Not all dyno runs are created equal. Two cars on the same chassis dynamometer or one car on two different dynamometers can bring forth a flurry of foul language and confusion as to what car is making what horsepower and where.
There are a ton of factors that play into how the dynamometer interprets the inputs from your vehicle to calculate your horsepower and torque numbers. We have been told that there are little tricks that dishonest shops can do to trick the dyno into calculating higher numbers than it’s supposed to. That is why you should only trust experts like Hughes Engines to give you the most accurate readings.
Dyno results must be interpreted carefully as each component of the drivetrain plays a key part. The transmission, for example, is especially important. Hughes Engines took a deep dive in to how a performance curve can change just based on the gearbox beneath. Their succinct understanding of the total package is exactly why they have been and will continue to be the Mopar performance experts.
Above: Test 1 was with a standard transmission. Test 2 used an automatic transmission and torque converter with a 4000 RPM stall.
Chassis dyno numbers; the accuracy or relationship of power outputs from one dyno to the next is close to non-existent. I would guess more arguments are now started based on chassis dyno figures than any other subject gearheads deal with. We have one customer who is not happy with our parts and service because his car does not chassis dyno as much as his buddy’s car.
Yeah, they each tested on different dynos and my customer is 6mph faster and .4 seconds quicker than his buddy in the 1/4 mile, but he is still not happy – duh! And you thought people would be reasonable if you told them the facts – yeah right! And that’s not all; shown below are 2 chassis dyno curves. Same car, same engine, same rear axle, same dyno. The only difference was the transmission.
Note that the stick shift car with its positive coupling between the engine and axle showed a power curve we would normally expect to see. It starts out low and increases as the RPM goes up. The automatic, or more correctly the converter equipped car, multiplied the torque as it is supposed to do at the lower end and lost, or slipped, at the top end.
The stick car showed 250HP @ 4000 and 419HP @ 6500RPM while the automatic showed 320HP @ 4000 and 379HP @ 6500RPM. As a matter of fact the E.T.’s were similar and the stick car did show more miles per hour. If the axle ratio or tire size had been changed then the curves would have been different again. This example shows how each combination does its work differently.

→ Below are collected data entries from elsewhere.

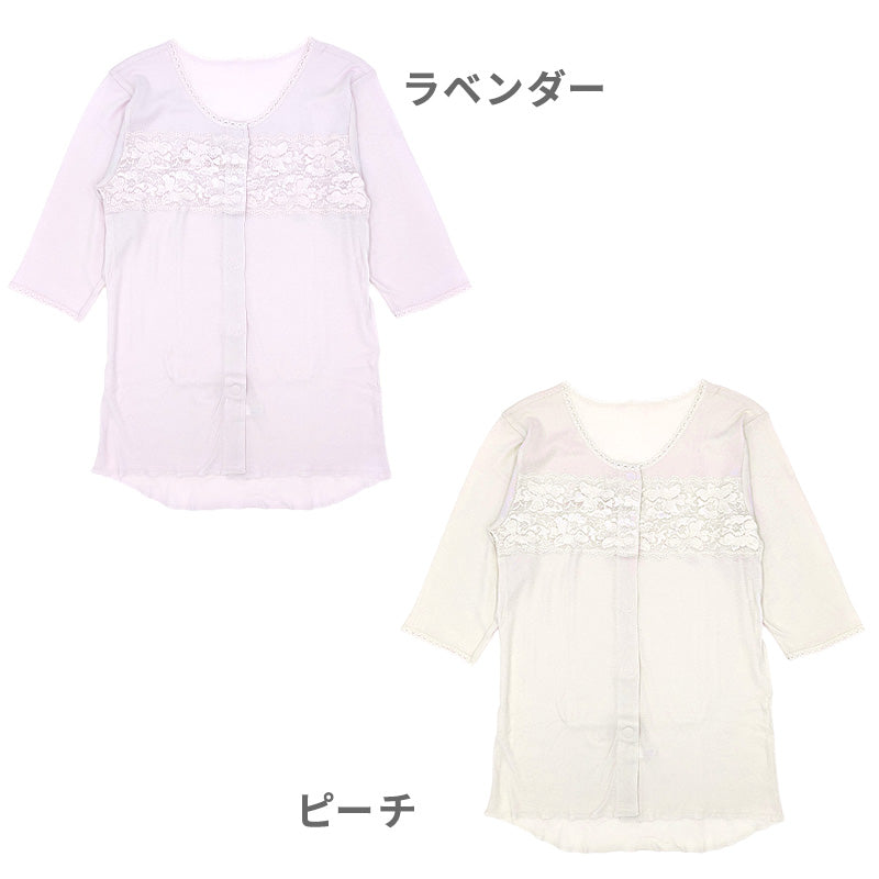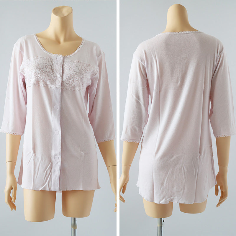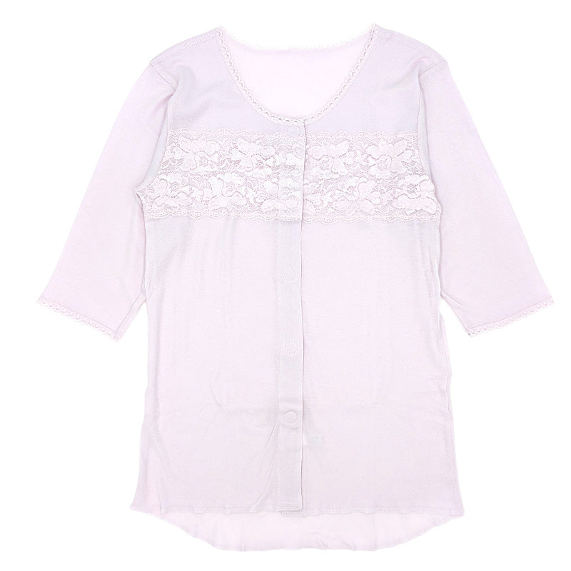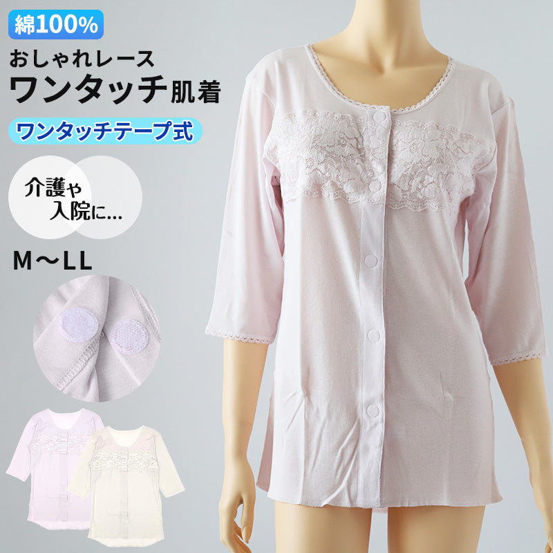 ワンタッチ 介護 肌着 前開き マジックテープ レディース M~LL 7分袖 レース 前あき肌着 入院 寝巻き インナー 介護シャツ ピンク m l ll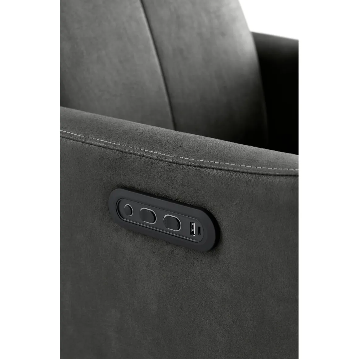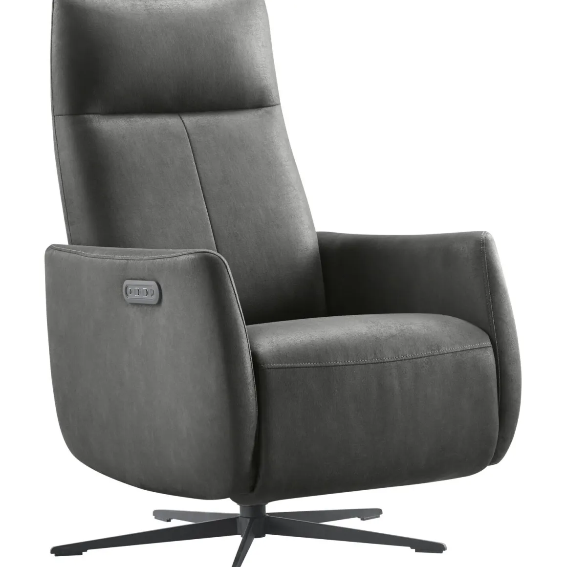 | Uitvoering | Elektrisch verstelbaar d.m.v. 2 motoren, uitgevoerd in microleder bull 67-antraciet met HR-koudschuim in de zitting, HR-koudschuim in de rug en een zwarte metalen 5-teensvoet. |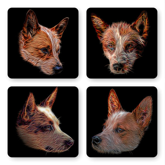 Australian Cattle Dog - Red Heeler Coasters, Set of 4, with Stunning Fractal Art Design, Red Heeler Owner Gift - Set of all Designs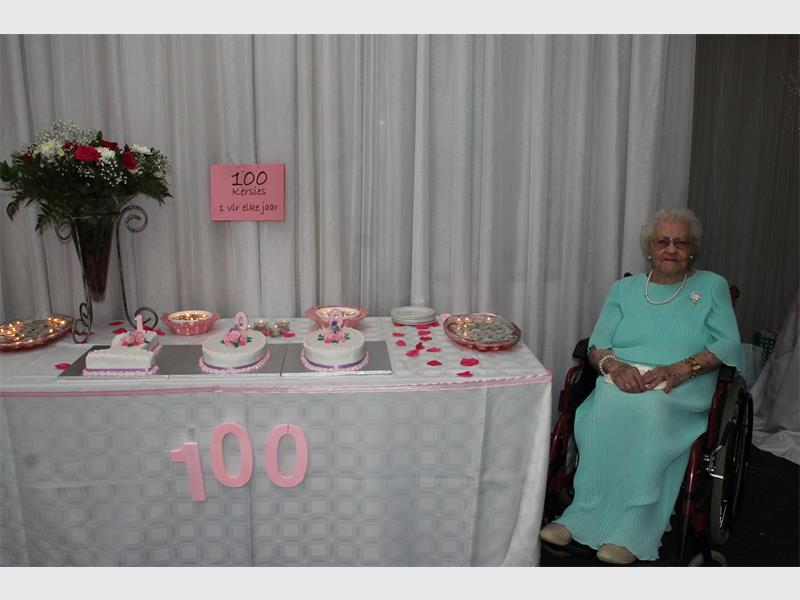 TANNIE Sarah Pienaar-Breytenbach het op Sondag 20 Maart haar 100ste verjaarsdag saam met vriende en familie by die Reading Buiteklub gevier.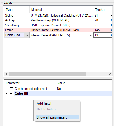 For wall layers: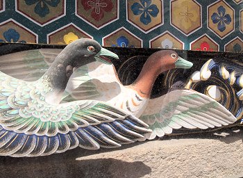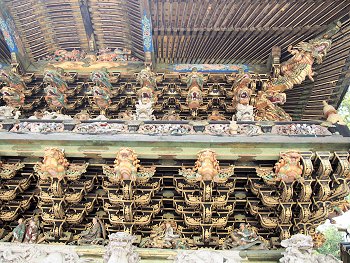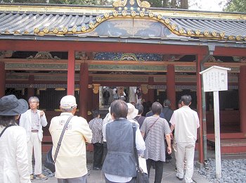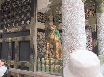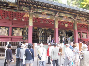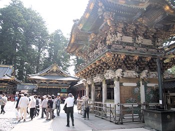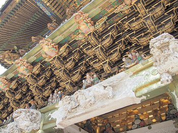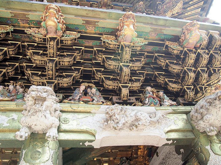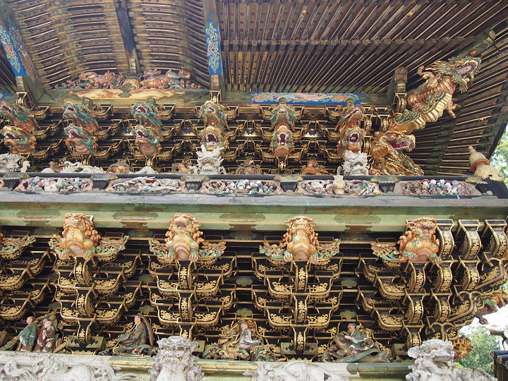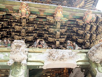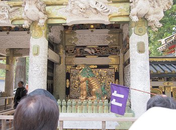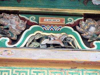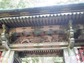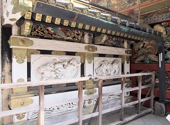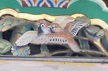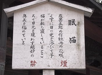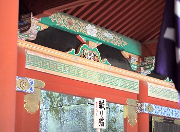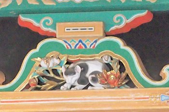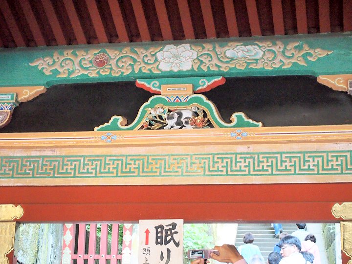 ●眠り猫(ねむりねこ)真裏に雀(すずめ)の彫刻東回廊の奥社(おくしゃ)参道入り口にある。左甚五郎(ひだりじんごろう)の作と伝えられ、東照宮の数ある彫刻のなかで最も有名な彫刻だ。眠り猫の真裏に雀(すずめ)の彫刻がある。猫が起きていれば雀は食われてしまうが、東照宮では猫も居眠りして雀と共存共栄。戦乱が治まり、平和な時代がやってきたことを表しているという解釈もある。

The point here is that chassis dyno figures are good for testing purposes only. You cannot use the numbers from one dyno to the next. The Society of Automotive Engineers (S.A.E.) has recently instituted new engine dyno testing procedures for new car engines. There is now an independent 3rd party observer involved in the testing.
Not that the factories would fudge the numbers any or forget to install the air cleaner, mufflers, and alternator just to sell a few more Corollas or Scions. Come on – get serious; who would do that? Ah yes, the horsepower race is alive and well. I love it!